WASHINGTON — The U.S. Army is using digital engineering to develop the next generation of its ground combat vehicles, including an optional manned fighting vehicle.
In its simplest form, digital engineering moves the design process from 2D schemas into 3D virtual models, which can then be connected to a realistic simulation of performance testing.
At the US Army’s annual conference on October 12, Army officials said they plan to use a digital engineering approach to develop the OMFV, which is being designed to replace the Bradley Infantry Fighting Vehicle.
“We intend to use digital engineering in a model-driven environment, and that’s in the next phase, Phase 3, where we’ll award those contracts to design vehicles. We’re currently working on exactly what it looks like, but we want access to a cloud-based tech stack so we can have access Get there and look at the designs as they evolve in real time, and then take a look at those designs and the data that comes with them and connect them to models and simulations so that we can run them while they’re still digital, and we can use this technology to avoid costly failures at the test range,” Shermer said.
He added that while physical testing cannot be completely ruled out, digital testing can significantly reduce risk throughout the development process.
The military is still working out how to implement digital engineering. The service looks at the cloud environment it will use, whether it wants the model to be hosted by a contractor or the military, and what type of contract language it will use.
“There are some tough questions that the military has to take early on,” Shermer said.
A draft Request for Proposals outlining the Army’s digital approach to OMFV will be released early next year.
While Shermer said Phase 3 would mark the beginning of the service’s digital engineering effort with OMFV, the Army’s acquisition plan already uses digital concepts.
First, the Multi-Functional Team for Next-Generation Combat Vehicles has rolled back its highly restrictive and specific platform requirements, replacing it with a more flexible “need characteristic”. This has enabled the five contracted teams – Point Blank Enterprises, Oshkosh Defense, BAE Systems, General Dynamics Land Systems and American Rheinmetall Vehicles – to innovate in developing products that meet the needs of the Army.
“We just received delivery concepts from the five contracted industry teams. We take the data from those, we plug it into models, and then we run them through some simulations to kind of see how they’re going to perform and what the impact is on the battlefield,” Shermer said.
The feedback from this simulation will enable the military to improve requirements, creating a full and open competition to select three contractors who will build actual prototypes.
“That’s different. That’s not how we’ve done things in the past,” Shermer said.
Contracting five teams to produce digital designs has allowed the Army to work more closely with the teams that build their designs than some previous projects, Maj.

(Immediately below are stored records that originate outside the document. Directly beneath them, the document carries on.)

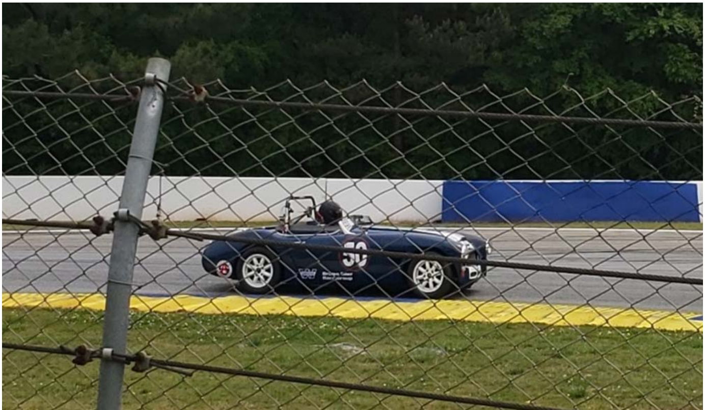
Healey At Speed - Historic Sportscar Racing Mitty Road Atlanta, May 2023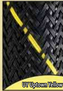
UY Uptown Yellow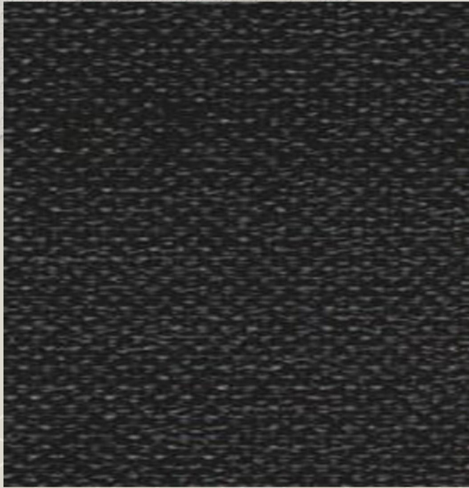
751 Raven Black (13 oz) 751-LT Raven Black (8 oz)

8 and 13 ounce Acrylic Coated Flame Retardant Polyester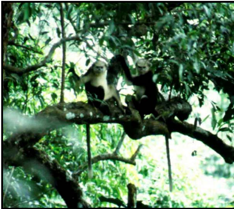
Adult females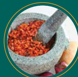
Lunu Miris 咸辣醬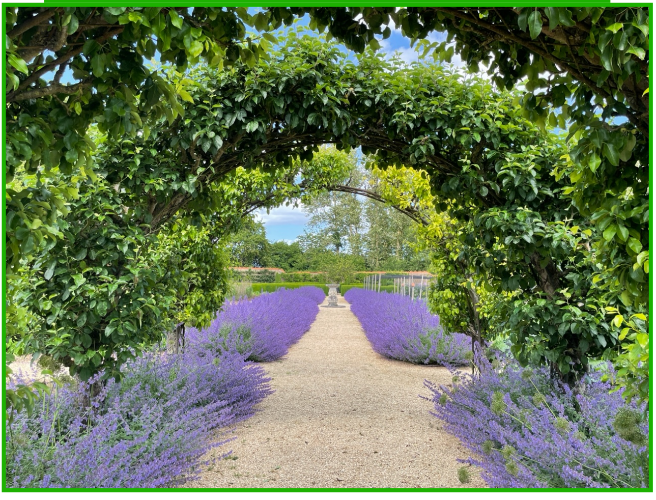
Kim's Day 2 will come to you shortly. Please stay tuned...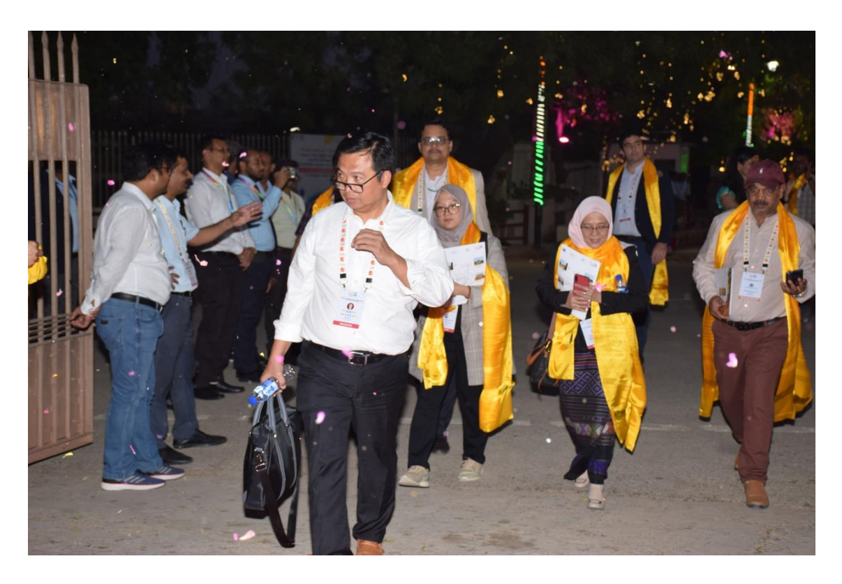
G-20 delegates welcome with shower of rose petal & flowers at the entrance gate

“Because they’ve been chosen, we can have open, frank and honest conversations between two people. We can look them in the eye and say, ‘Hey, let’s explore this trade and see what it does to your car’s design,'” Kaufman explained.
Kaufman added that if the current design phase is a competition, the military will have to ensure that its communications are standardized and shared globally.
Michael Cadio, director of the Center for Ground Vehicle Systems, said the Army also wants to use digital engineering to develop its robotic combat vehicle. Specifically, he said, the service is looking into virtual environments to test and change the automated system to make sure it works and meets the needs of the military.
The Army is not the only organization in the Department of Defense embracing digital engineering, an approach that has seen varying levels of adoption in the commercial world. In his 2020 Digital Engineering Statement, Mr. Will Roper, former Assistant Secretary of the Air Force for Acquisition, Technology and Logistics. He said only three programs within the military were fully digital: the T-7A Red Hawk, the Ground-based Strategic Deterrence Weapon System, and the Next Generation Air Dominance Fighter.
But in the year that followed, there was a massive rise in the number of digital engineering initiatives run by the Pentagon. While individual programs such as the Missile Defense Agency’s Ultrasonic and Ballistic Tracking Space Sensor have used digital engineering features, there have also been significant service-level efforts to drive digital engineering through acquisitions. Specifically, the Space Force stated earlier this year that it wants to be the world’s first fully digital service, and has begun to implement that vision.
Shermer said the Army is looking to the Air Force’s major digital engineering efforts to develop its own curriculum. This tour helps the service identify issues such as the size of the team it needs to implement a model-based systems engineering program.
It’s possible the Army won’t get it right on the first try, Shermer admitted, but it will use contractors to fill in the gaps and adapt its operations over time.
Nathan Strout covers space and unmanned systems and intelligence for C4ISRNET.